Ира лежала, уткнувшись лицом в горячий песок.
Около нее валялись кисточки в голубой краске, облепленные песком. Видимо, она сделала несколько шагов в беспамятстве, но не выпустила кисти из рук. Мы повернули ее на спину. На серо-зеленых висках песок был влажен от пота. Пригоршнями мы таскали воду, брызгали ей в лицо, но она не приходила в сознание.
Помню, как я — первый раз за четыре года — дотронулся до ее руки; ладонь была липко-холодная, точно у мертвой. Родин в мокрых трусах стоял над Ирой; охваченного зноем, его бил озноб. Мы беспорядочно, в двадцать глоток стали кричать, звать лодку с того берега. Лодка долго не приходила, и мы, уже одевшись, подавленные страхом, стояли над Ирой, стараясь, чтобы на нее падала наша тень. Родин с торчащими на затылке высыхающими волосами то наклонялся над Ирой, прикладывая к ее голове мокрую свою гимнастерку, то подбегал к берегу, тоже кричал, махая руками... Чувствовалось, что этой суматохой он хочет скрыть страх...
Ира пришла в себя только в лодке, ее тут же стошнило...
После этого она не появлялась в училище две недели, Родин один навещал ее в больнице.
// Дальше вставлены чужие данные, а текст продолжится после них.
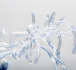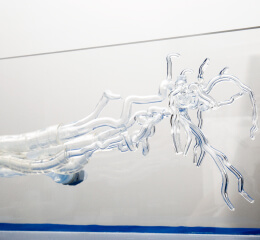 The NV Model accurately reproduces the shape of the aortic arch connecting the heart to the cerebral arteries using a 3D printer, allowing simulation training of endovascular treatment using catheters, such as coiling for cerebral aneurysm and thrombectomy for cerebral infarction, under X-ray fluoroscopy. Simulation training is available. It is possible to simulate the treatment process by inserting a catheter into a cerebral artery from a leg blood vessel and confirming the position of the device using a contrast medium, just like the actual clinical procedure.

Приходил он на занятия растерянный, озабоченный, но твердо говорил, что все нормально, она «просто перегрелась». Работал он так же легко, рука у него была набита.
Наверное, только мы с Колей по наивности не догадывались, отчего случился обморок...
Наша натурщица Нюра, которая позировала не одному поколению студентов, хотя и расплылась от постоянного сидения, была еще миловидна; припухшие васильковые глаза ее смотрели глупо-безмятежно. Ходила она, лениво переваливаясь округлыми бедрами, в которых угадывалась прежняя крепость. Спокойная, добродушная, она могла позировать восемь часов подряд. Раздобревшее тело ее было очень бледно, отдавало голубизной.
Жила Нюра одиноко... По училищу ходила туманная легенда, что в войну она «безумно» любила красавца летчика. Он погиб под Сталинградом, а она тогда едва не умерла от горя.
Сейчас Нюра существовала в безбрежном равнодушии к себе и к другим; на перемене бродила полуодетая по мастерской. Нашего холостого брата так и подмывало потрогать ее. Она не сердилась, только усмешливо говорила:
— Ну — чего, чего? Ишь, какой...
Впрочем, поста она не придерживалась, однако, как «девушка с разбором», одаривала временной любовью только того, кто ей нравился, а нравились ей стройные, видные офицеры. Возможно, они напоминали ей того незабвенного летчика... Очередной роман обычно длился месяц-два, не более...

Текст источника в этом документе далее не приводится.